Budget: Add $50–100 for inspection time or asking the seller to verify the card with MemTest.
The Warranty Trade-Off
- RTX 5080: NVIDIA 3-year warranty (starting from purchase date)
- RTX 3090: Typically 30-day return window from reseller, no manufacturer warranty
What it costs you:
- A 3090 failure on day 61 = $880 loss
- A 5080 failure on day 61 = free replacement under warranty
When it matters:
- If you're running inference 24/7 for a business: RTX 5080 warranty gives peace of mind
- If you're learning or tinkering: used 3090 is fine; expect to lose it after 3–5 years
The Scaling Question: One 5080 vs Two 3090s
If your budget is $1,200–$1,800, this is where the conversation changes.
One RTX 5080
- Cost: $1,049
- VRAM: 16GB
- Max model: Llama 3.1 34B Q4 (with headroom)
- Throughput: 28 tok/s
Two Used RTX 3090s
- Cost: $1,760 (two @ $880)
- VRAM: 48GB total
- Max model: Llama 3.1 70B Q4 (distributed inference, ~25 tok/s combined)
- Throughput: 48–55 tok/s combined (batch=4 per stream across both GPUs)
The Math
For $711 more, you get:
- 3× the VRAM capacity
- Support for 70B models without offloading
- Multi-GPU redundancy (if one dies, you still have inference capability)

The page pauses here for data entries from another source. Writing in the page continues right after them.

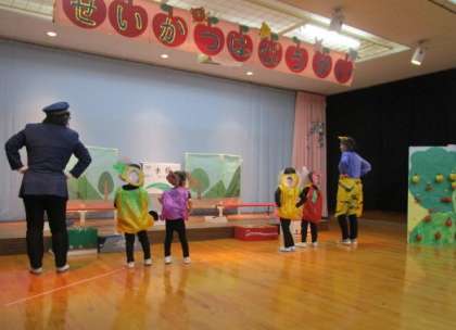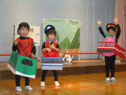 3歳児は、大好きな電車に乗って生き生きと演じました。
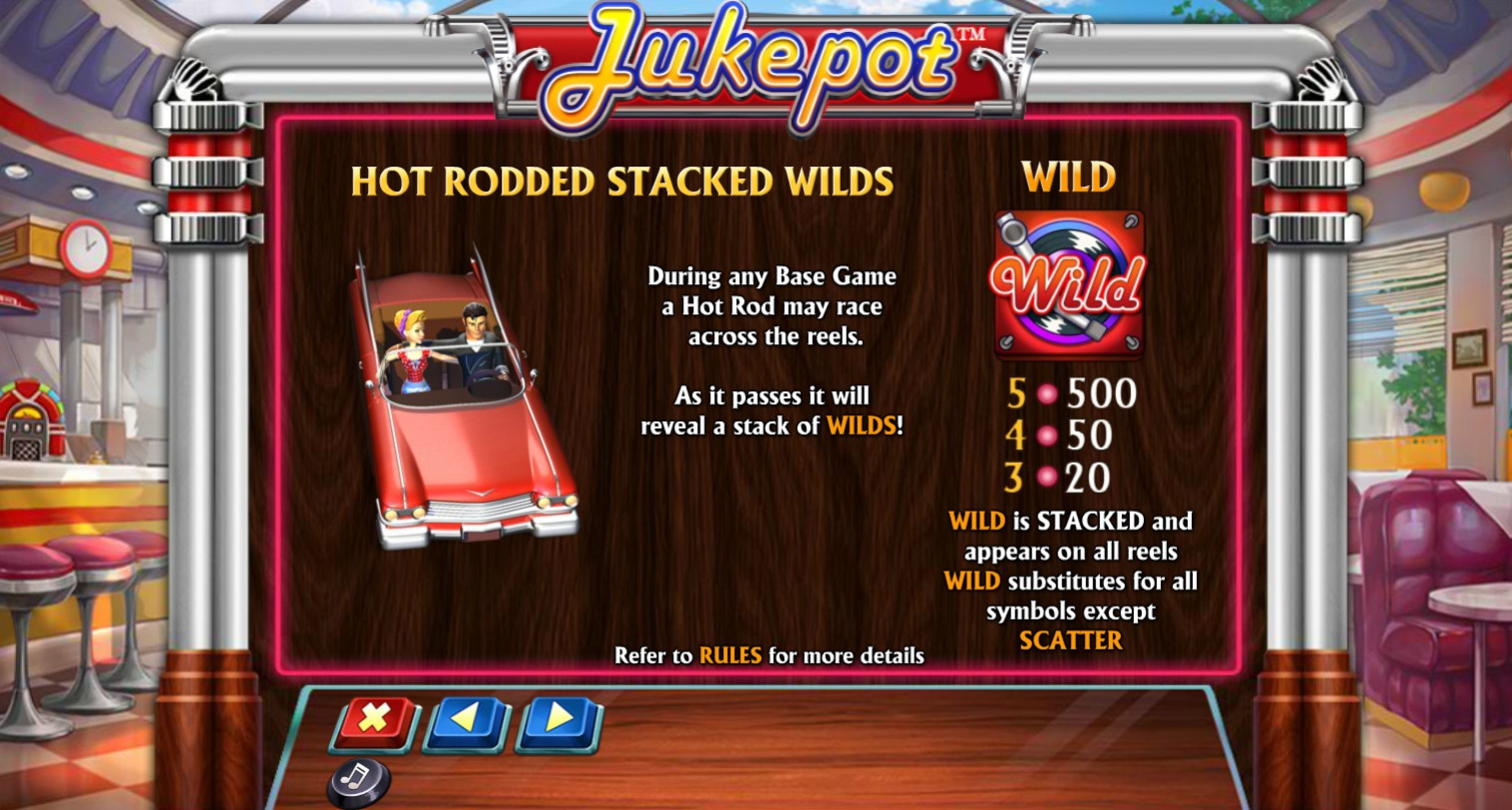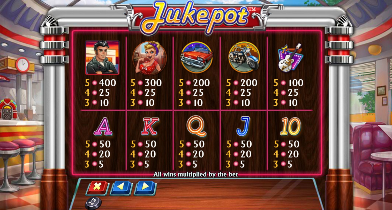 Игровой автомат Jukepot компании NextGen Gaming перенесет вас в Соединенные Штаты времен Элвиса Пресли, когда молодые люди разъезжали по улицам на хотродах, а обязательным атрибутом придорожных кафе были музыкальные автоматы. Именно в стиле такого “jukebox” выдержана модель, о которой пойдет речь в обзоре Casinoz.
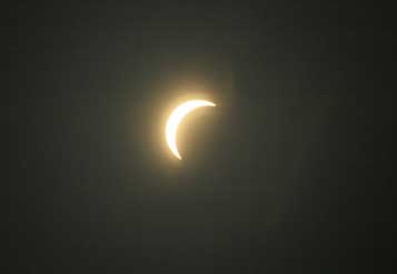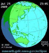 日食帶 由于月亮的影錐又細又長,所以當它落到地球表面時,所占的面積很小,它的直徑最大也只有二百六十多千米。當月球繞地球轉動時,影錐就在地面上自西向東掃過一段比較長的地帶,在月影掃過的地帶,就都可以看見日食。這條帶就叫做“日食帶”。
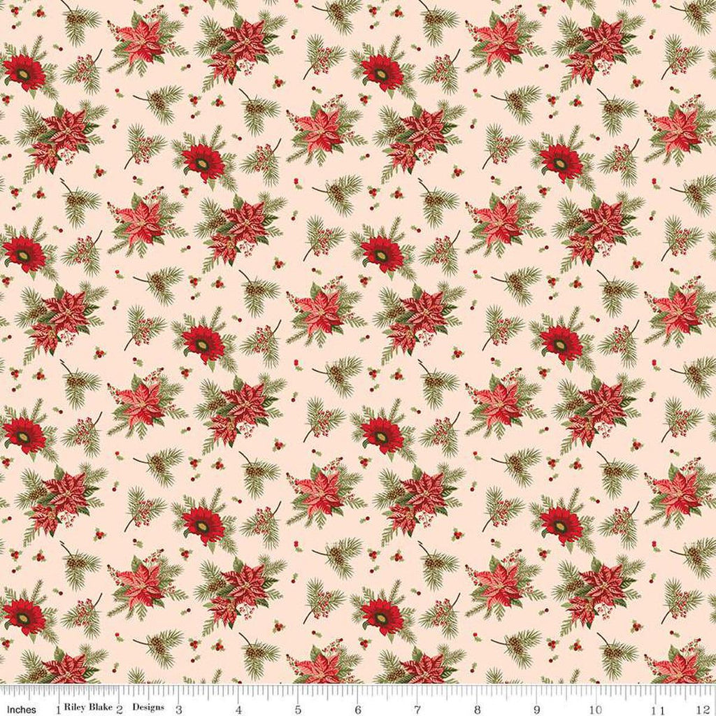 Glisten Floral C16223 Blush - Riley Blake Designs - Sprigs Flowers Floral Pine Needles Berry Berries - Quilting Cotton Fabric
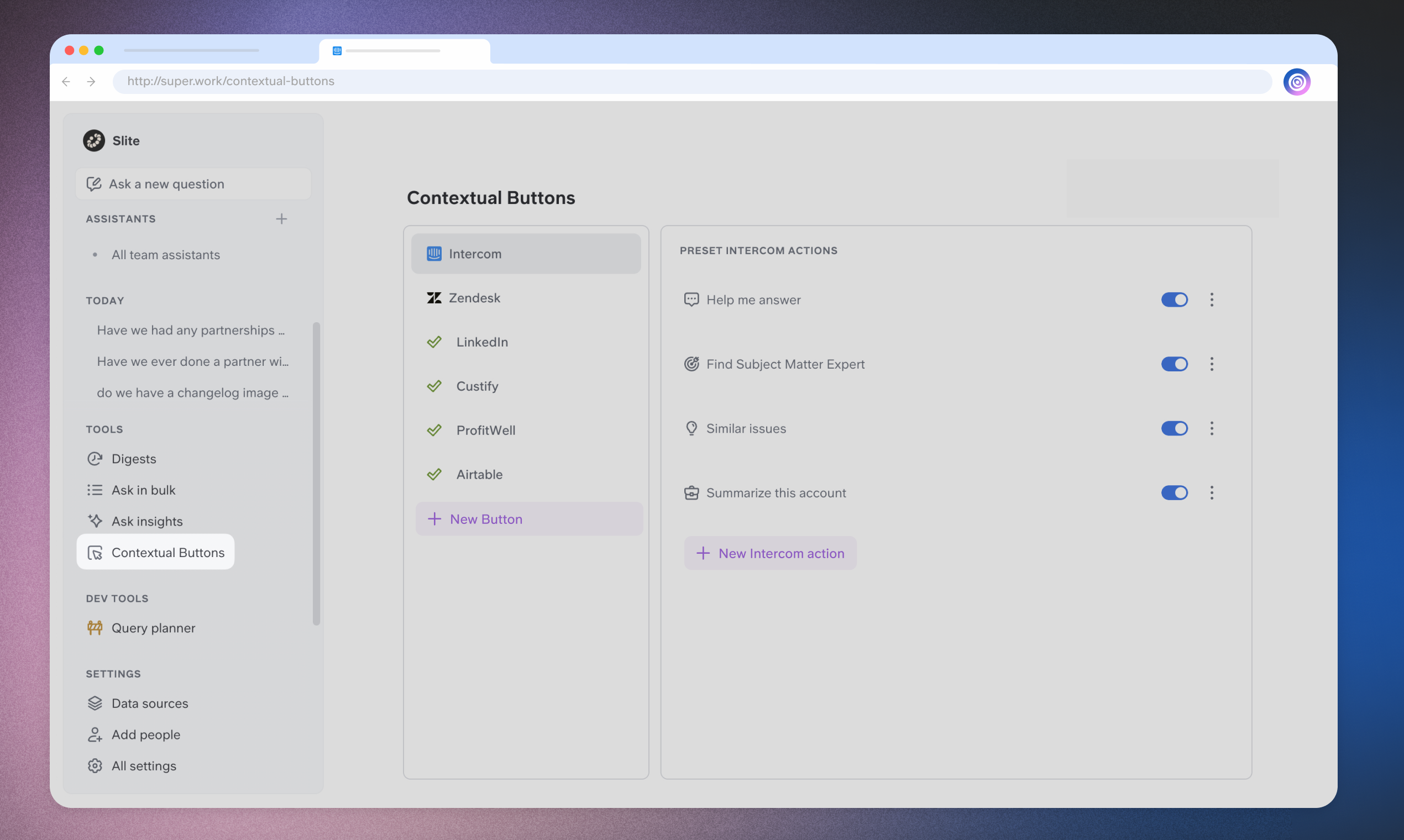 Super now assists your team directly in CRMs, wikis, help centers, or any web app. It extracts on-screen context + your connected knowledge sources to answer questions, draft replies, summarize, or trigger custom assistants, no copy-pasting needed.

- Future-proofing for larger models
Two 3090s communicate via PCIe (not NVLink), so there's overhead (~30% efficiency loss vs. native NVLink). But even at 70% efficiency, two 3090s at 48 tok/s × 0.7 = 33.6 tok/s still beats a single 5080 at 28 tok/s for 34B models.
Tip
If you're buying NEW this month, wait for RTX 5070 Ti (14GB) to drop. It will force RTX 3090 prices down to $650–750 by Q3 2026.
Scaling verdict: On the $1,200–$1,800 budget, two used 3090s is a better platform for growth than one 5080.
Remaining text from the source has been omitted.